Reader threat model, what the Bureau assumes
The assumptions the Bureau makes about the reader environment, and why they matter for the material here.
Every piece of advice on this site is calibrated for a specific reader threat model. This report spells out that model so you know when Bureau advice applies to you and when your situation calls for something different.
The default reader
The Bureau assumes the default reader is an adult using Nexus Market for personal reasons in a jurisdiction where such use may or may not be legal. The reader has access to Tor Browser and understands enough about the internet to install it correctly. The reader is not a security professional, not a journalist under threat, not a state-level target.
The reader wants to reach the storefront, transact, and leave without their real identity being linked to their market account or their host operating system being compromised.
Adversaries we assume
Phishing operators. The most common adversary. Their goal is to capture credentials and drain wallets. Defence covered in the phishing report.
Casual chain surveillance. Someone with public chain-analysis tools who might link a market deposit address to a KYC exchange withdrawal. Defence: Monero, or Bitcoin routed through a fresh wallet or swap first.
Storefront database seizure. Historical pattern where a market operator's infrastructure is seized and the reader database is examined. Defence: no reused identifiers, no long-term wallet balance, PGP encryption over anything sensitive.
Compromised Tor Browser install. Reader downloaded Tor Browser from a fake source, or installed extensions that fingerprint them uniquely. Defence: torproject.org only, no extensions, security slider on Safest.
Adversaries we do not model
State-level targeted attack. If a national security agency specifically wants your identity linked to your Nexus account, the defences described here are not sufficient. Do not use the Bureau's material as a threat model for that adversary. Consult specialists.
Physical compromise. If someone with physical access to your device is your adversary, the compromise is already complete before you open Tor Browser. Defences in that scenario are hardware-encrypted disks, boot-from-USB systems like Tails, and habits well outside the scope of this Bureau.

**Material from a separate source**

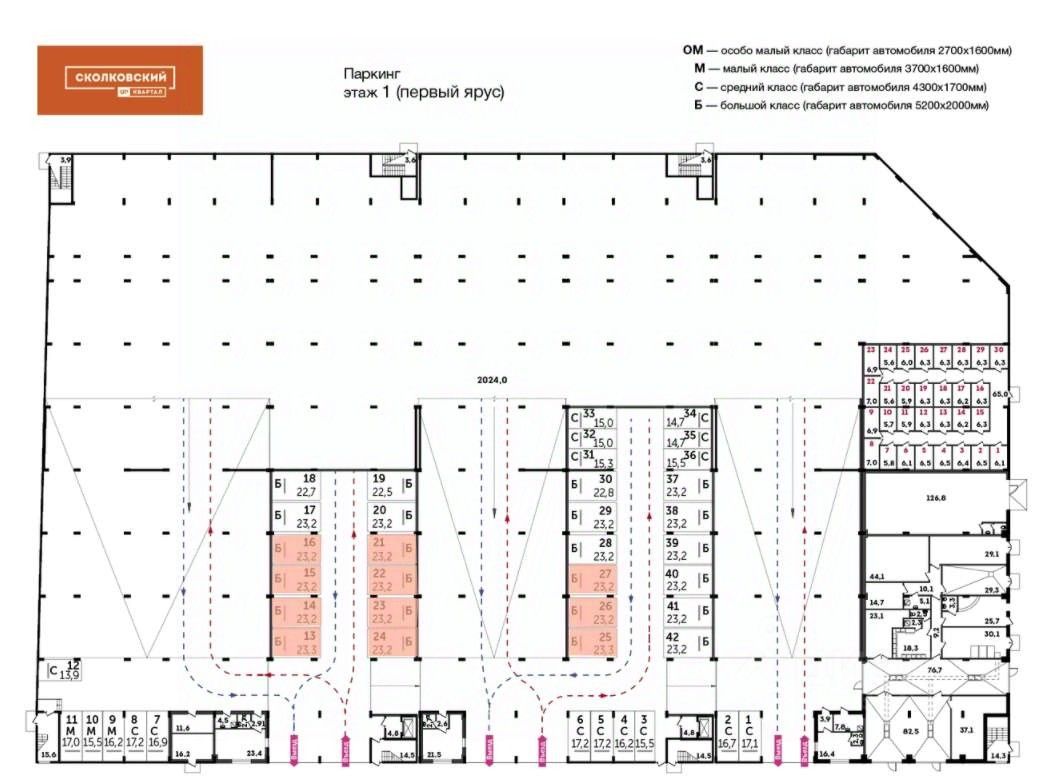 Машиноместо номер 285 общей площадью 14.7 кв. м на 1-м этаже в ЖК ''Сколковский''.

Insider Nexus operator. We assume the operator is not actively adversarial. If the operator is compromised or turns adversarial, the 2 of 3 multisig closes one class of attacks (wallet drainage), but the reader database is still at risk.
Trade-offs we accept
Convenience versus privacy. The Bureau consistently recommends the more private option (Monero over Bitcoin, PGP over plaintext, Tor Browser over a regular browser with a VPN). This costs the reader minutes of setup and workflow friction. We think the trade is worth it. Not everyone will.
Operational sophistication versus reader onboarding cost. The strongest defences (Tails on USB, dedicated hardware, own-node Monero) are more effort than most readers will accept. The Bureau recommends the strongest defences a typical reader will actually implement, not the theoretically strongest defences that no one implements.
When to escalate beyond Bureau recommendations
If your threat model includes a state-level adversary, use Tails on dedicated hardware, never touch the storefront from your host operating system, and consult a security specialist for anything beyond that.
If your threat model includes physical compromise of your device, do not use the storefront at all from that device.
If your threat model includes needing plausible deniability about ever having accessed the storefront, use Tails, do not enable persistent storage, and reboot after every session.